Thanks elcato, will have a gander at that.


----------



## jacobean (27 Oct 2010)

This place is just around the corner from Baggot Street on Pembroke Street:

[broken link removed]


----------



## AlbacoreA (28 Oct 2010)

You'd get to IFSC in about 10 mins on Dublin Bike? Not that I'm saying do that, but its not a big distance away. Theres also sportsco which ins't far, again on a bike.

http://www.sportsco.ie/index.html


----------



## Locke (28 Oct 2010)

thanks jacobean, will have a look into them.

thanks albacorea, IFSC wouldn't suit. Need somewhere close by for lunch. Sports Co ould be too much of a trek (living in Dunshaughlin and get bus from Store Street)


----------



## AlbacoreA (28 Oct 2010)

Cycle in and you won't need to go to the gym.


----------



## Locke (28 Oct 2010)

Ehhhhhh...I'll put that one on the back burner!


----------



## AlbacoreA (28 Oct 2010)

Its about 35k which I'm guessing is about 90 min cycle. Since my 15k commute takes me 45mins. Not something I'd do daily though... 
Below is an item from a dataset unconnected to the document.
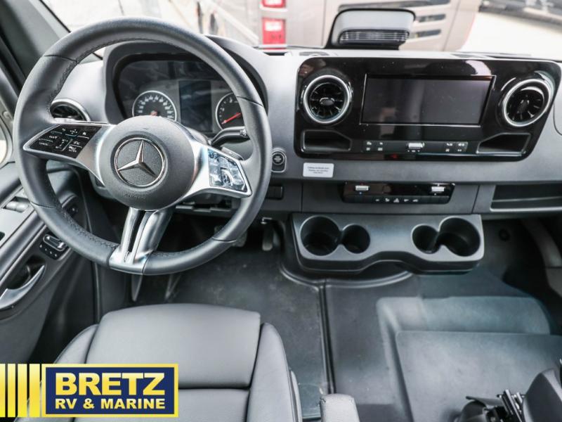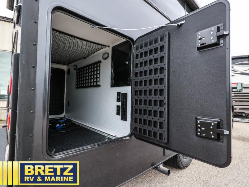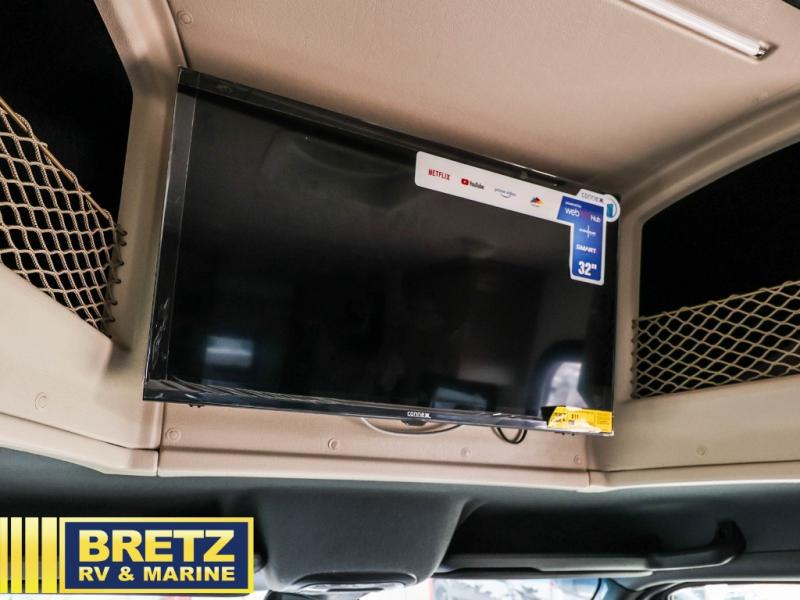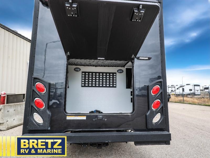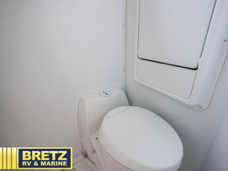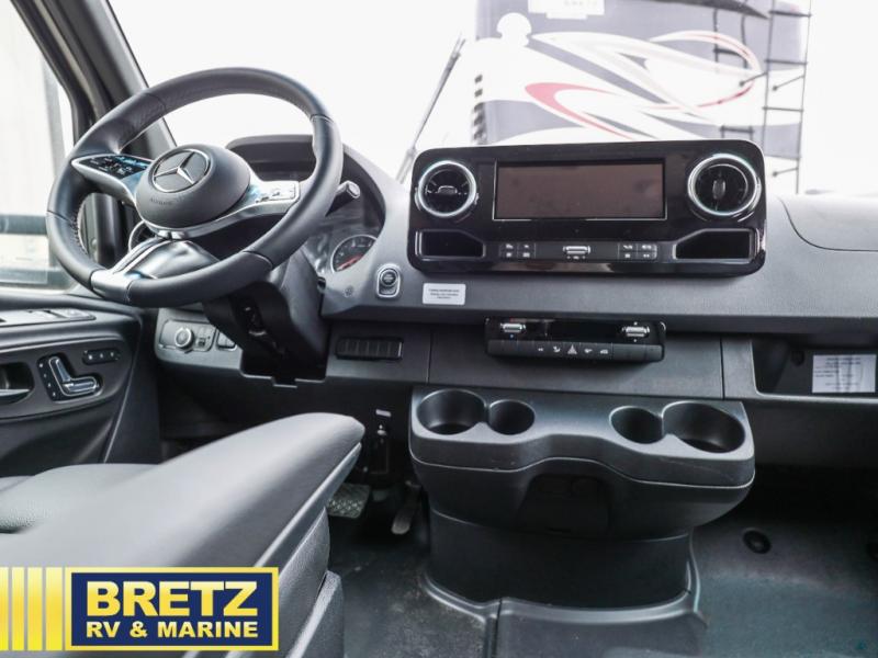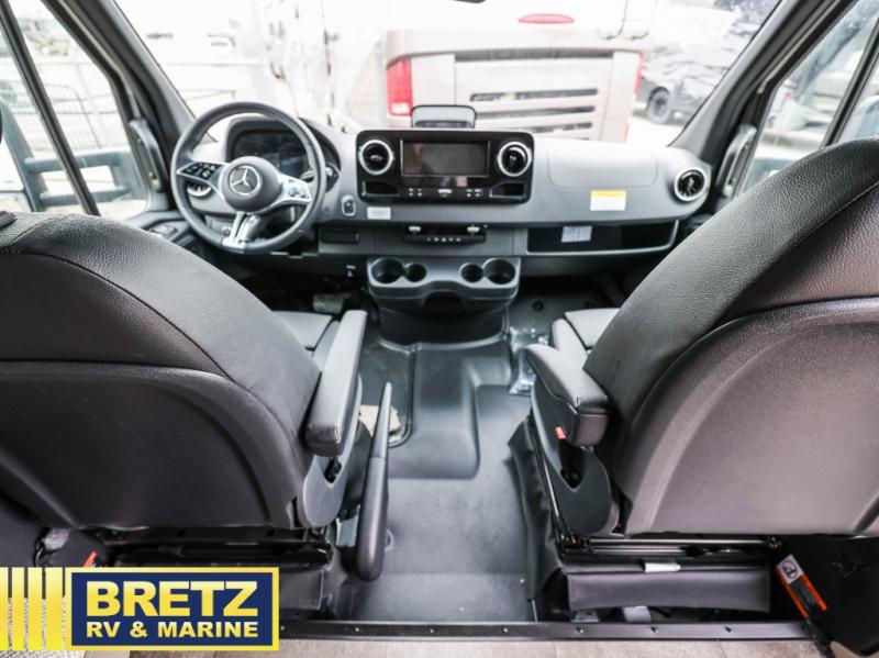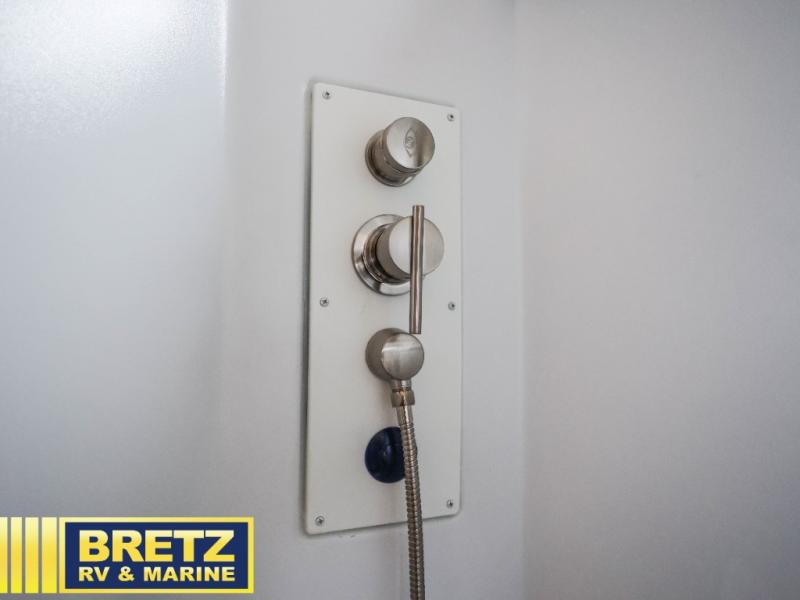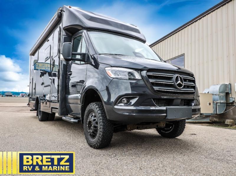 Pack your bags and load up the bikes in this all-wheel drive coach for two! Once you're parked for the day, you can swivel the seats around and relax with a cold drink. The kitchen includes everything you need to whip up a quick lunch, including an induction cooktop and a convection microwave, and the stainless-steel sink will make clean up a breeze. There is a bench seat with tables where you can dine at, or you might just sit outside in your camp chair under the 15' 6" awning or optional 7' rear awning. The wet bath includes a shower with a curtain surround, a medicine cabinet with a mirror, and an Aqua View Showermiser water management system. When you're ready to call it a night, you'll find twin beds with a king bed conversion, and there are dual wardrobes to keep your clothes tidy!

This is the place on Baggot St near the baggot in.


----------



## Complainer (28 Oct 2010)

Are you sure you really need a gym? You'll see lots of people running around Herbert Park or along the Dodder banks at lunchtime.


----------



## Locke (28 Oct 2010)

Hi Complainer, problem would be the shower facilities afterwards. I am so used to gymming it ay lunch it's engrained in my daily routine. If I can't find one, I would prbably to the running first thing in the morning.


----------



## Locke (28 Oct 2010)

That educogym is a more intensive (expensive) one off program where you do it for 12 weeks. Not really what i am after but thanks.


----------



## peno (23 Nov 2010)

Locke,

I'm in the eact same situation. 
Di you find anywhere close by to hit the gym at lunch?


----------